● **WHAT TO PRODUCE**: From the material below, reproduce exactly the stretch of lines that begins with the line holding "I interwove personal" and ends with the line holding "Und der Flug", skipping the pictures.

● **SOURCE DATA**:
○ ○ ○ ○

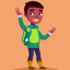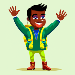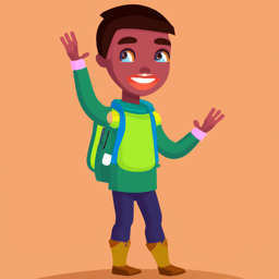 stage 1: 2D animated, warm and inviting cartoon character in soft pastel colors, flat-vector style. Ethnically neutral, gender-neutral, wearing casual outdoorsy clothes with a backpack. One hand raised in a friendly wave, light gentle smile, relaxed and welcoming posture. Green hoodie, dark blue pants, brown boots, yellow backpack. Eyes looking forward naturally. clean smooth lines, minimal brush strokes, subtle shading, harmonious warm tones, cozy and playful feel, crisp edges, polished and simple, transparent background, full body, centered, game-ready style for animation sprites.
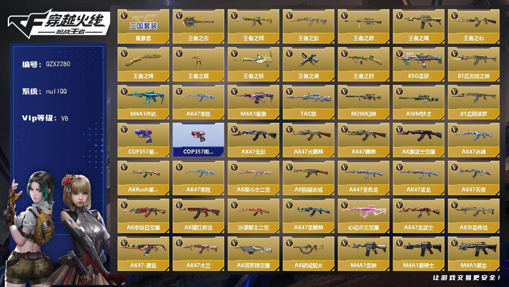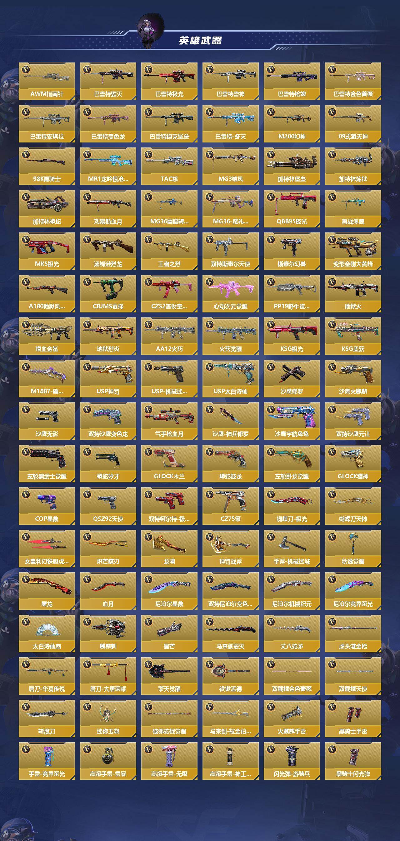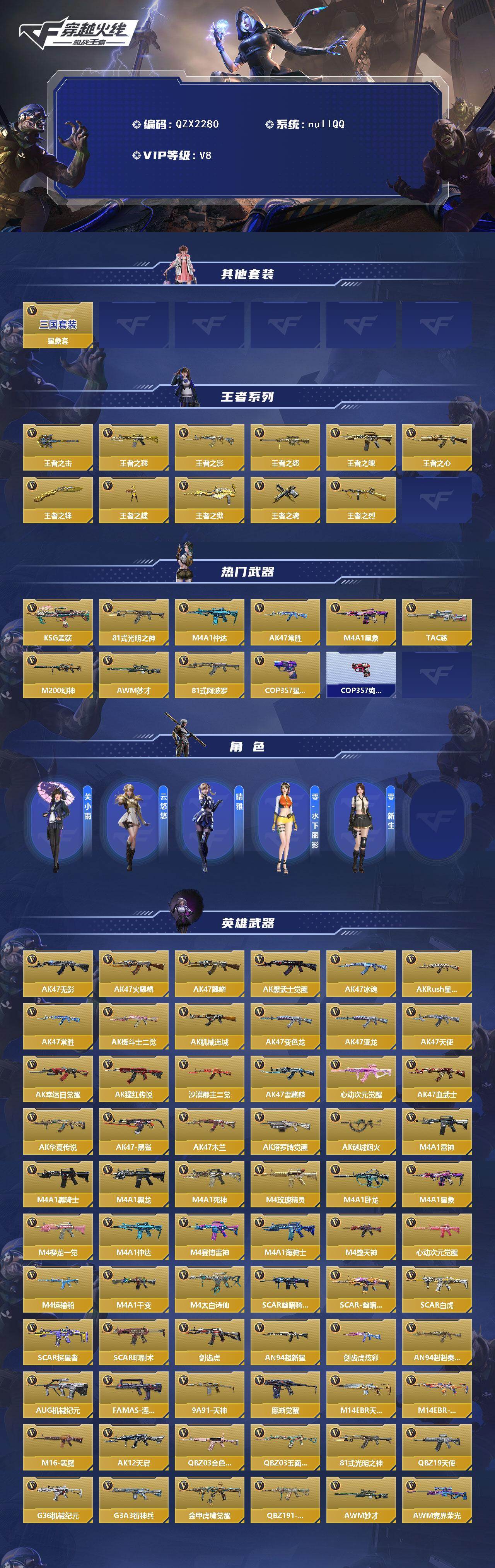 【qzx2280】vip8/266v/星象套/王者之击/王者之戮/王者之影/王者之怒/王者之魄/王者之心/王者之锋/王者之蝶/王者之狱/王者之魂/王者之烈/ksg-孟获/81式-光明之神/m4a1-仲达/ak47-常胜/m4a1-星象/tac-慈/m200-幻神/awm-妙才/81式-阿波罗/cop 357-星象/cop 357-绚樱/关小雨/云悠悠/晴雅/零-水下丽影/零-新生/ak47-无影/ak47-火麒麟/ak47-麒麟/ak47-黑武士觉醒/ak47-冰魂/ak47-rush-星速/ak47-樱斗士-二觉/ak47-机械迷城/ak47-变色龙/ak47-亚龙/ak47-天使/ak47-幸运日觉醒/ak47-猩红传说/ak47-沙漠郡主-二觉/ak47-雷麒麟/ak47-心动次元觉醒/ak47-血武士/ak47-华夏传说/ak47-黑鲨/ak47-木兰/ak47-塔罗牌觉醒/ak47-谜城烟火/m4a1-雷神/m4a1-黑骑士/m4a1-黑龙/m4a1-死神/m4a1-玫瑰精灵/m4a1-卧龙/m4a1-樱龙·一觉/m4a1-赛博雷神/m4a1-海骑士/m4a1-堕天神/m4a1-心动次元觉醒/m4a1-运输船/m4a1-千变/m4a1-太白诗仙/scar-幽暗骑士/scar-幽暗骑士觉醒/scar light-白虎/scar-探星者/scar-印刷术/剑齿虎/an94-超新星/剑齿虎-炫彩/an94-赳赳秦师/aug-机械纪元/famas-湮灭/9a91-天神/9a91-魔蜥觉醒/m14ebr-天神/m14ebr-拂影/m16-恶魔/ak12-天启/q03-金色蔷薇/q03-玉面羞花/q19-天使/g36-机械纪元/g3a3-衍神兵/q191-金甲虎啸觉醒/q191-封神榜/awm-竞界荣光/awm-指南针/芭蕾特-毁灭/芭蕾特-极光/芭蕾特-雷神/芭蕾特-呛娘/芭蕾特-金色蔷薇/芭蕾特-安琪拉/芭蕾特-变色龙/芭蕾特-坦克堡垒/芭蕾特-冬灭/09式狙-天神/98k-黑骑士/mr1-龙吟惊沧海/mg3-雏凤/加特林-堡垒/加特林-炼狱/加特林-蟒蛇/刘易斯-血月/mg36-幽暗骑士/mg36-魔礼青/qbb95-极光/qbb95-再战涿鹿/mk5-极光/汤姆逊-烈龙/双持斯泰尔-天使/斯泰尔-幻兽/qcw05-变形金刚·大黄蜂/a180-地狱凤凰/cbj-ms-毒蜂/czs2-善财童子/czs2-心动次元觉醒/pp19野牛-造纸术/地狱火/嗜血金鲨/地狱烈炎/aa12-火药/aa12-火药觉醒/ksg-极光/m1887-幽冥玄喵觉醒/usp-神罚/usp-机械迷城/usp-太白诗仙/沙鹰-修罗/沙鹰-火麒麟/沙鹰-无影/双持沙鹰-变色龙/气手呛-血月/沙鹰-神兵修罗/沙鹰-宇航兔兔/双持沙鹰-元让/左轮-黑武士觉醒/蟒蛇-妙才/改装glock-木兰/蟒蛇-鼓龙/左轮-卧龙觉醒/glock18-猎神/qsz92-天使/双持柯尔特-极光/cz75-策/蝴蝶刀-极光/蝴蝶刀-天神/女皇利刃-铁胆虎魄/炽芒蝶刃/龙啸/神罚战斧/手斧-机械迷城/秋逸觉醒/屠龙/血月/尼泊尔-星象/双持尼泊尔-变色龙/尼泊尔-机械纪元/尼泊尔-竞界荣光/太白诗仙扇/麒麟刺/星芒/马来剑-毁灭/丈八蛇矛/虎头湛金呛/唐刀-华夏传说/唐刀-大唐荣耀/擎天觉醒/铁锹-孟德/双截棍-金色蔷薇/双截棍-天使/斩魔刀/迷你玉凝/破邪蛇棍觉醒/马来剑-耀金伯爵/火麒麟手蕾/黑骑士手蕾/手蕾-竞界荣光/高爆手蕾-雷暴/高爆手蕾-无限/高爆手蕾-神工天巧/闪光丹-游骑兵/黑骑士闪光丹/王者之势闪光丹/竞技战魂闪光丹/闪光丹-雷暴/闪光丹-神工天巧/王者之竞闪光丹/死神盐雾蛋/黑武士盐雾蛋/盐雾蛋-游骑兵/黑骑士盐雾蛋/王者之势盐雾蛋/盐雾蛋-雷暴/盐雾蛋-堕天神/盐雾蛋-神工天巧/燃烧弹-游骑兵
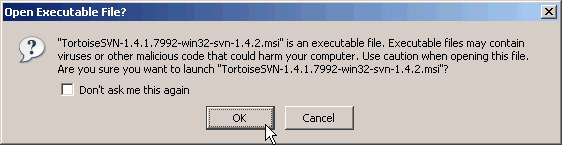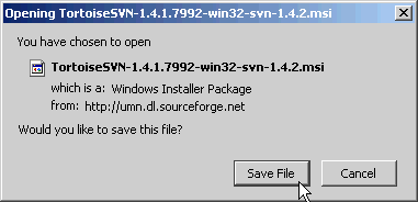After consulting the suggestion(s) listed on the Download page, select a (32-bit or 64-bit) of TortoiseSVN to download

○ ○ ○ ○

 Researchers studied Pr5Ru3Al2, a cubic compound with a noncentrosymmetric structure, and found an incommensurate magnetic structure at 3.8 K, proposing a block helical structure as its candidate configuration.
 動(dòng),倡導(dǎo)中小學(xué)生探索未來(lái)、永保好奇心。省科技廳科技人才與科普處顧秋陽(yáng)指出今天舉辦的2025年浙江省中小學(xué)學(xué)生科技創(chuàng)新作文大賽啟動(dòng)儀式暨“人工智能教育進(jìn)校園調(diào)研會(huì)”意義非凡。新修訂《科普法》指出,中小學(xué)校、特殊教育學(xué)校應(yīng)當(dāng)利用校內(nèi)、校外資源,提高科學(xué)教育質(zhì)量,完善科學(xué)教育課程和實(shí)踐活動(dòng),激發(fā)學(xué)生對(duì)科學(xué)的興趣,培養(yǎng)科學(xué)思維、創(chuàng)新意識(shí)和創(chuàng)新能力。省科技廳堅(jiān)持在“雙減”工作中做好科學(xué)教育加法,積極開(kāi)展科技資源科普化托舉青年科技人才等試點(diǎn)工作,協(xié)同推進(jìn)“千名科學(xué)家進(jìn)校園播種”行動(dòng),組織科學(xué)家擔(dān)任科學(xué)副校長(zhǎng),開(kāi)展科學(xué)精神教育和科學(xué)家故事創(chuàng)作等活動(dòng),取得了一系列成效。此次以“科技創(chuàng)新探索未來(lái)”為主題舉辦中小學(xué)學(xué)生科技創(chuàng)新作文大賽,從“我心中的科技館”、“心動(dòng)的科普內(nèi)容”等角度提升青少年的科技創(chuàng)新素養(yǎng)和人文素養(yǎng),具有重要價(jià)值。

○ ○ ○ ○

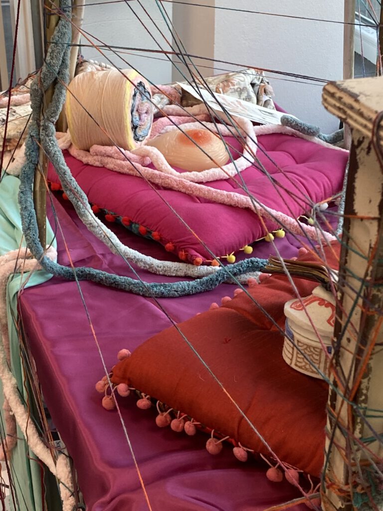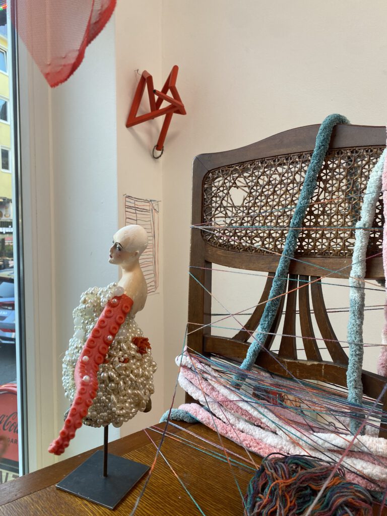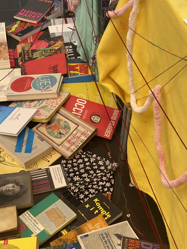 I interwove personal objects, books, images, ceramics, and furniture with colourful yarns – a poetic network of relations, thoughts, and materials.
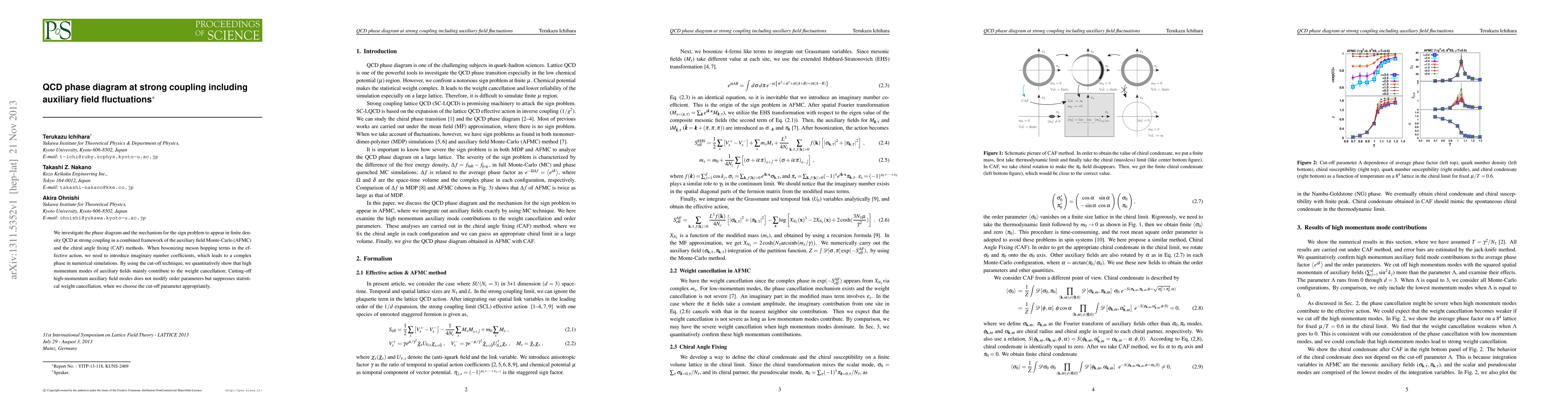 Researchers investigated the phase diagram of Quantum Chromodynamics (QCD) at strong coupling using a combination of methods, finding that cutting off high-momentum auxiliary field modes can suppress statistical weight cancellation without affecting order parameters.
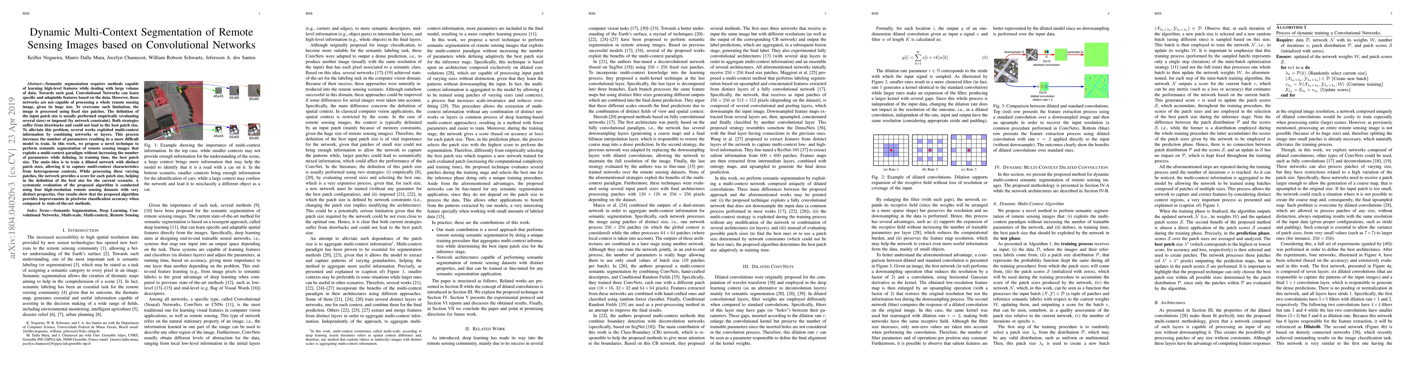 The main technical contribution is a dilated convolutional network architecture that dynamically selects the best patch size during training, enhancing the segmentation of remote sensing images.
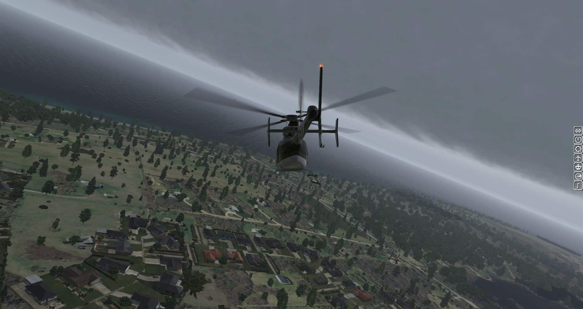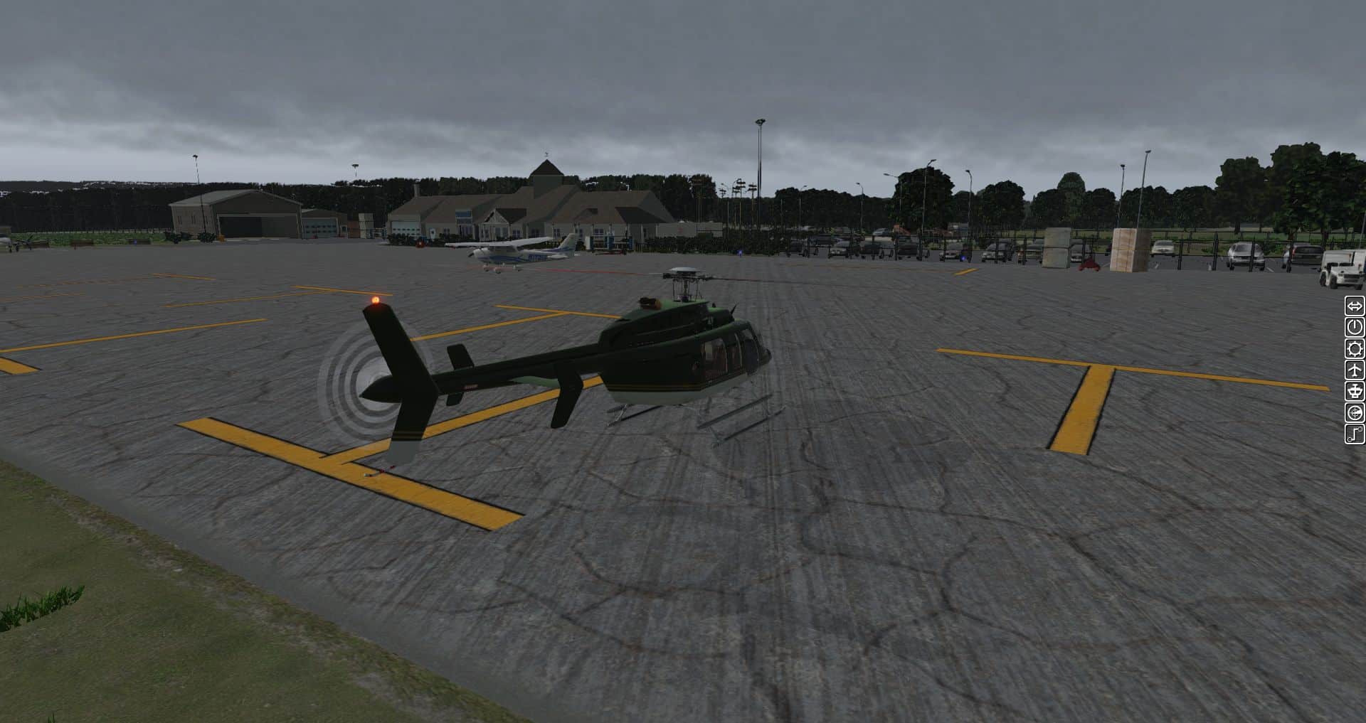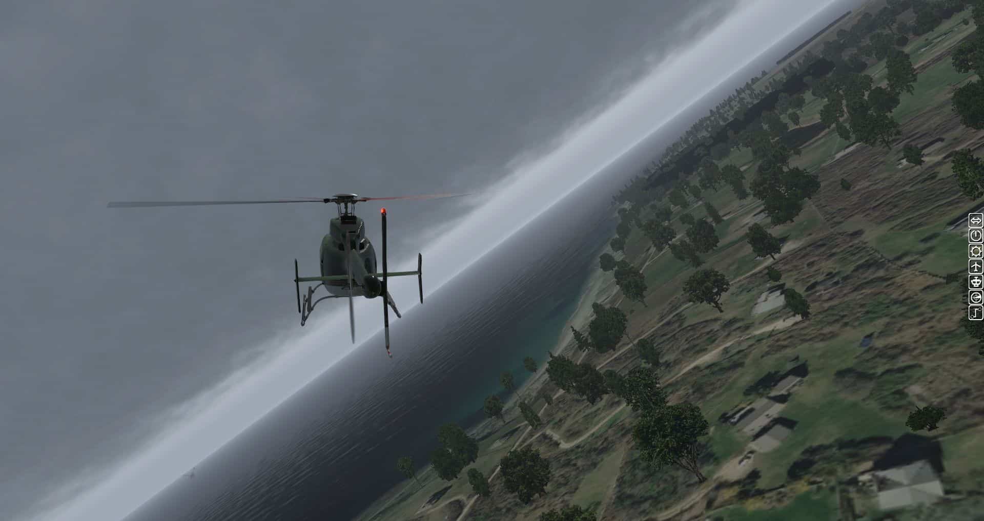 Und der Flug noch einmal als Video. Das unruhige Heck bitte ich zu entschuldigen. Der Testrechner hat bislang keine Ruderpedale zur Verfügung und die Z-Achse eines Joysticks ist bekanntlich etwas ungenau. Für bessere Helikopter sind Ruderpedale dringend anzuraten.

○ ○ ○ ○

● **RESULT BELOW**:
 I interwove personal objects, books, images, ceramics, and furniture with colourful yarns – a poetic network of relations, thoughts, and materials.
 Researchers investigated the phase diagram of Quantum Chromodynamics (QCD) at strong coupling using a combination of methods, finding that cutting off high-momentum auxiliary field modes can suppress statistical weight cancellation without affecting order parameters.
 The main technical contribution is a dilated convolutional network architecture that dynamically selects the best patch size during training, enhancing the segmentation of remote sensing images.
 Und der Flug noch einmal als Video. Das unruhige Heck bitte ich zu entschuldigen. Der Testrechner hat bislang keine Ruderpedale zur Verfügung und die Z-Achse eines Joysticks ist bekanntlich etwas ungenau. Für bessere Helikopter sind Ruderpedale dringend anzuraten.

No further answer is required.